Mikiya, nesse primeiro OVA, pouco é desenvolvido. O que sabemos do rapaz, é que ele tem um carinho enorme por Shiki, uma afeição generosa, que deseja que ele experimente a vida, que seja feliz, mesmo que através de um sorvete de morango, o qual o faz se lembrar dela, já que ela tem uma jaqueta vermelha. Mikiya se envolve com a antagonista do momento, que está internada, por anos e anos, pois tem uma doença terminal. A antagonista se chama Kirie, ela é herdeira de empreiteiro falido, que construiu um quarteirão de prédios comerciais que agora figuram como um cemitério de concreto.

 

 

Mikiya, por algum motivo, entra em estado vegetativo, em sono profundo, após entrar em contato com Kirie, e Shiki nem sequer percebe isso por metade do OVA.
Eventos estranhos acontecem nesses prédios abandonados, garotas, sem relação alguma umas com as outras, escolhem o lugar para pular, flutuar, cair e morrer. É uma espécie de ritual que se repete dia após dia. O como e o porque ele se apresenta. Vai saber. O que sabemos é que Kirie, nossa antagonista, segmentou a sua consciência em duas, uma permanece em seu corpo físico, a outra vaga como um fantasma seduzindo garotas, que não sabemos se tem ou não predisposição, a cometer suicídio, e depois disso, a flutuar, vagar sem rumo, ao lado de Kirie, como espectros fantasmagóricos.

Aparentemente Kirie tem um poder de sugestão avassalador, sendo que em um momento do OVA, ela consegue controlar o braço de Shiki completamente, mesmo que não consiga afetar a mente da moça, pois ela não tem qualquer vontade de se suicidar.

 

 

É um intrincado interessante, pois Shiki só vai atrás de Kirie, de seu espectro, devido ao fato de perceber que Mikiya está preso, sequestrado, pelo poder da mulher. Paralelamente, temos Touko, nossa terceira personagem principal, que é ainda mais misteriosa que Shiki, ela investiga e encontra Kirie no hospital, o qual uma vez Mikiya já visitou, e conversa com a moça, explica a situação em que se encontra, que é a de negação e fuga, que ela não está enfrentando a realidade. Ela, por sua vez, justifica que a do seu quarto de hospital, tem uma visão aérea constante da cidade, que a janela do quarto se tornou a sua vida. É uma situação trágica, onde sem realmente desejar, fugiu de si mesma e de seu corpo inválido.

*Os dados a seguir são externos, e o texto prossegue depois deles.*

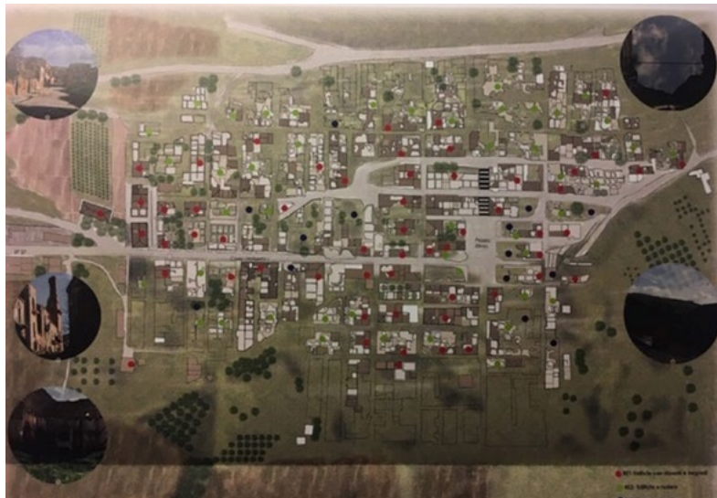
Figura 9. Planimetria dei ruderi di Poggioreale (Trapani), con la divisione in zone “RE1 Edifici con dissesti e degradi; RE2 Edificio a rudere; e RE3 Traccia di sedime (disegno G. Buttitta, 2019).

che è pervenuto di Poggioreale antico. Oramai tutto è storicizzato (perfino l’edificio finito di costruire l’anno precedente al sisma), ma che oggi è testimonianza di quell’evento in quanto ne porta i segni. Dunque, ad esempio, i resti della chiesa Madre (sec. XVII), il palazzo Agosta (metà sec. XIX), la caserma dei Carabinieri (metà sec. XX), così come l’area di sedime di un edificio (sec. XX), sono un assieme alle sedi viarie, alle piazze e al paesaggio circostante, e costituiscono oramai l’antico centro di Poggioreale. Partendo da questa considerazione sono state sviluppate alcune ricerche-tesi. La prima ha indagato e poi dimostrato come è ancora possibile mettere in atto i principi contemporanei del restauro, applicandoli al palazzo Agosta di Poggioreale 30 , preso però ad esempio di tanti altri casi sui quali ancora si può, e si deve, correttamente intervenire nei paesi colpiti dal sisma.

Uma fuga sem propósito que arrasta pessoas inocentes com semelhanças em relação a ela. Isso explica o caso dos suicídios, mesmo que apenas parcialmente. Mas não explica o que aconteceu com Mikiya.

 

 

Touko é uma mulher versada em diversas técnicas, incluindo barreiras e membros biomecânicos, e no fim das contas, até o fim desse OVA, não sabemos ao certo qual a relação dela com os outros dois protagonistas, e menos ainda em relação a uma jovem que aparece apenas no final do OVA. Enfim, é uma boa história, centrada em muito suspense e que apresenta inúmeros elementos inexplicáveis, realmente é apenas uma peça de um quebra cabeça ainda em construção. O que é a Shiki, qual o seu poder, quem é Touko, ou mesmo Mikiya, qual a real relação desses três, ou para que serve o local em que se encontram. Não sabemos. O que sabemos é que o mundo possibilita que pessoas possam adquirir habilidades sobrenaturais, tal como Kirie o faz, e que eventos catastróficos podem se desencadear devido a confusão mental de quem desperta esses poderes.

Sobre a parte técnica da obra, a direção, animação trilha sonora e demais elementos, é ótima, não tenho do que reclamar, e muito menos posso reclamar de uma história que se apresenta segmentada, fragmentada, e que só oferece respostas caso os elementos dela estejam adequadamente apresentados. No caso, esse OVA se passa em 1998, e a sua sequência, o segundo OVA, se passa em 1995, o que já indica que novas respostas e novas perguntas estão por vir.